Standards & Framework Alignment
This section maps relevant standards and security frameworks to the operational risks and controls described in this guidance.
NIST CSF 2.0, NIST SP 800-53 Rev 5 and CIS Controls v8 set the technical controls, while ISO/IEC 27001:2022 and GDPR define the regulatory obligations.
| Framework | Control / Reference | Relevance |
|---|---|---|
| NIST CSF 2.0 | PR.AC-1 | Email sender verification supports authenticated access and trust decisions. |
| NIST SP 800-53 Rev 5 | IA-2 | Email trust depends on identity verification before messages are accepted. |
| CIS Controls v8 | CIS-9 , Email and Web Browser Protections | The article focuses on phishing, malicious links, and attachment abuse. |
| ISO/IEC 27001:2022 | A.5.15 | Access control policy is relevant to enforcing sender and attachment rules. |
| GDPR | Art.32 | Encryption and integrity matter where email carries personal data. |
Document and enforce email trust rules under A.5.15 and align exceptions to business need.
Key terms
- Email Authentication: Email authentication is the set of controls that prove a message came from an authorised sender and has not been tampered with in transit.
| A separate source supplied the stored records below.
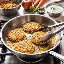 Delicate, fluffy pancakes made from grated carrot and apple — a quick, seasonal, and child-friendly snack for winter afternoons. The pancakes combine the sweetness of apple with the natural hint of carrot, are slightly sweet and moist on the inside, and golden on the outside. Served with a creamy yogurt dip with a touch of honey and lemon, they create a healthy alternative to sweet cookies. This dish is perfect as an after-preschool snack, part of a children's breakfast, or for a small gathering — they can easily be decorated with faces made from fresh fruit, which will surely delight the little ones. A simple recipe that can be quickly prepared encourages cooking together with children.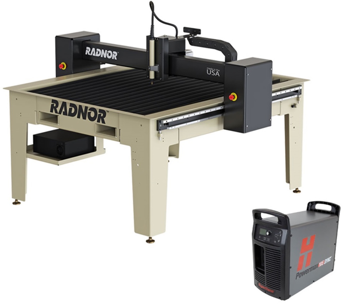 - The RADNOR™ 4' x 4' Cutting Table has been designed for fabricators and metal workers who demand cost-effective and robust industrial tables. This CNC cutting table can integrate with plasma machines to create a complete cutting system that works in synchronicity for smooth and efficient cutting of all of your parts and designs. The product package includes the Hypertherm® Powermax105 SYNC™ 200-600 V Cutting Machine and FlashCut® CNC Software (Version 10.0 Pro Software). Version 10.0 Minimum System Specifications: OS: 64-bit Windows, Win10 or newer, CPU: 2-core Intel i3 or equivalent, clock speed at or greater than 2.1 GHz, Memory: 8GB RAM, Storage: Solid-state drive, Communications: 1x USB, +1x USB, (Servo only), +1x USB (Plasma communications only), +1x USB (Control pendant only)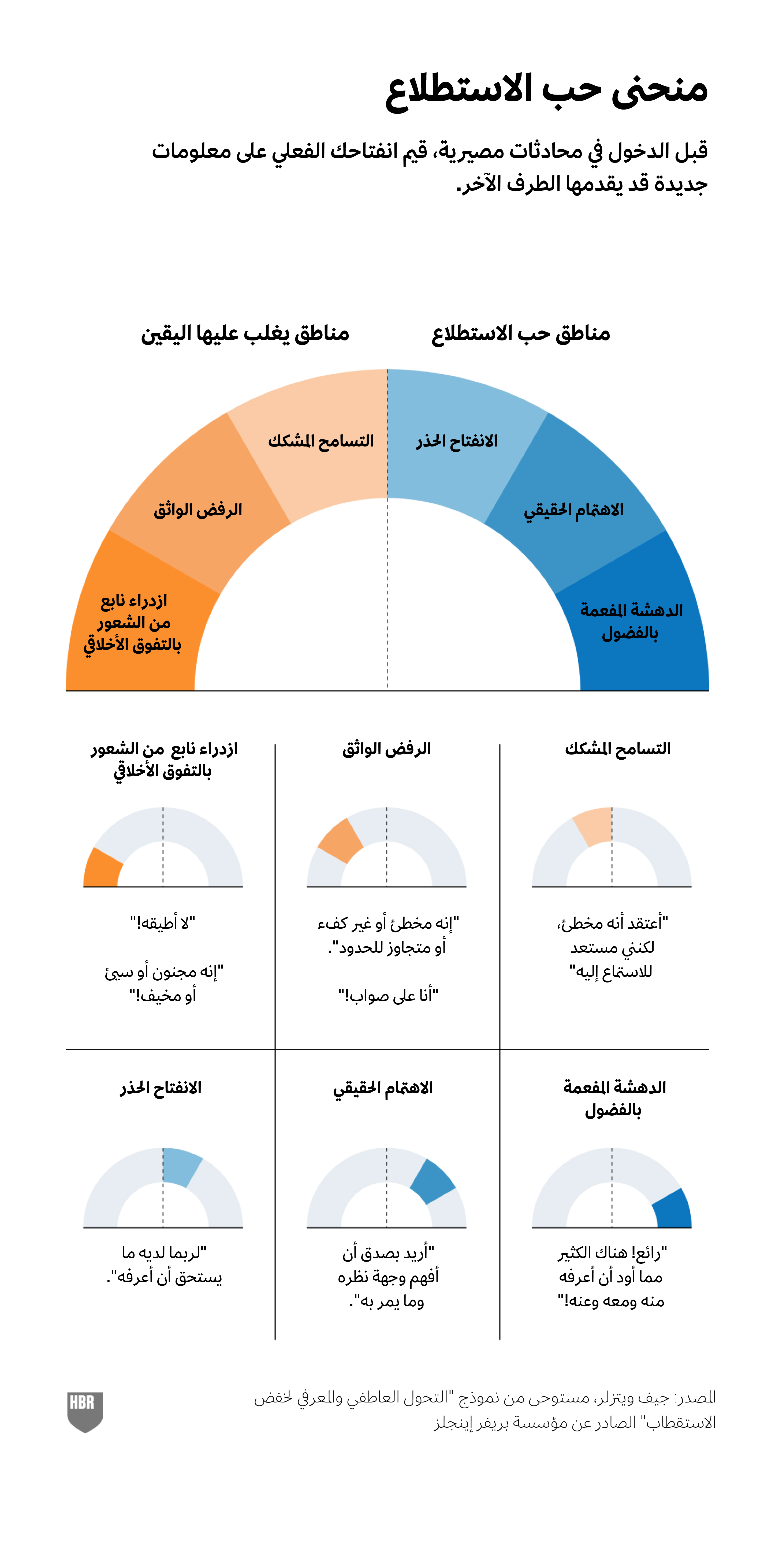 يساعدك منحنى حب الاستطلاع (المستوحى من نموذج وضعته مؤسسة بريفر إينجلز غير الربحية) على إدراك العقلية التي تدخل بها إلى المحادثة. انظر إليه باعتباره أهم مؤشر ذهني على القادة مراقبته، تماماً مثلما يراقب الطيار لوحة العدادات في قمرة القيادة. يمثل النصف الأيسر من المنحنى 3 مناطق يغلب عليها اليقين: الاستعلاء الأخلاقي، الرفض الواثق، التسامح المشكك. ويمثل النصف الأيمن 3 مناطق لحب الاستطلاع: الانفتاح الحذر، الاهتمام الحقيقي، الدهشة المفعمة بالفضول.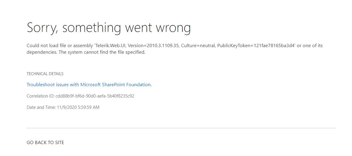 Could not load file or assembly 'Telerik.Web.UI, Version=2010.3.1109.35, Culture=neutral, PublicKeyToken=121fae78165ba3d4' or one of its dependencies. The system cannot find the file specified.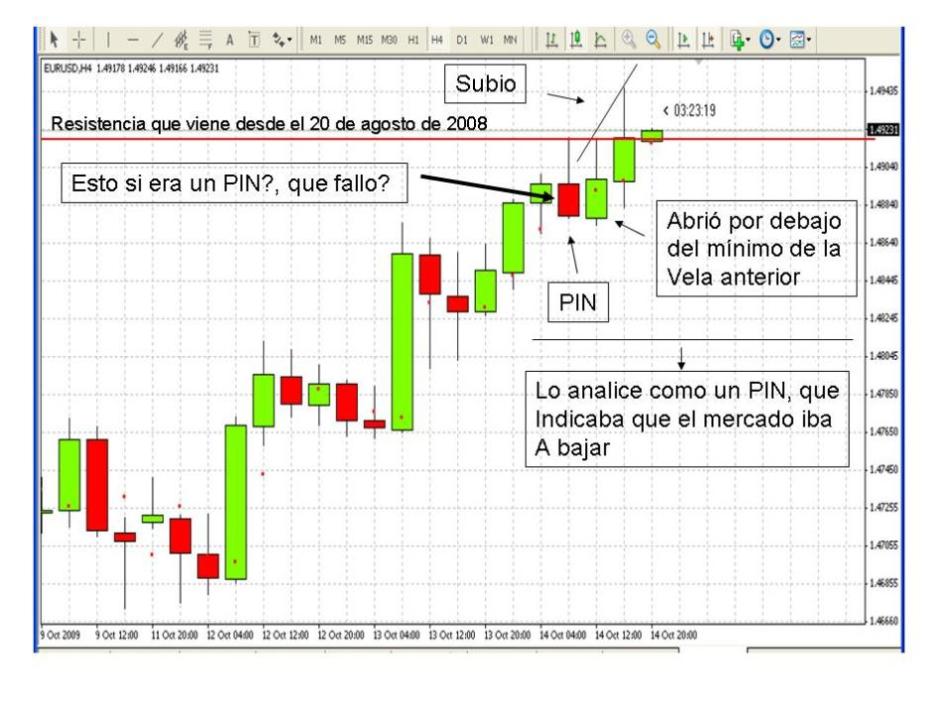 Re: Price ActionHola Mariano..esto es algo que vi como un PIN en 4H en eur/usd pero no funciono nose si cumplía muy bien con las condiciones para ser PIN o que paso,,te dejo el gráfico y te agradezco cualquier información al respecto.

SPF, DKIM, and DMARC are the common components, and they work together to reduce spoofing and impersonation risk.
- Domain Spoofing: Domain spoofing is the practice of making a message appear to originate from a legitimate organisation or user when it does not. It exploits recipient trust and weak mail configuration, turning a familiar brand or executive name into a delivery mechanism for fraud or malware.
- Gateway-Based Encryption: Gateway-based encryption protects email centrally at the mail flow boundary rather than on each endpoint. It simplifies certificate management, reduces user friction, and is often more practical than client-managed encryption in distributed or BYOD environments.
- Attachment Disarm And Reconstruction: Attachment disarm and reconstruction is a defensive pattern that strips or neutralises risky active content before delivering a file to users. It is used when organisations need to preserve business communication but do not want macros, embedded code, or hidden payloads reaching inboxes.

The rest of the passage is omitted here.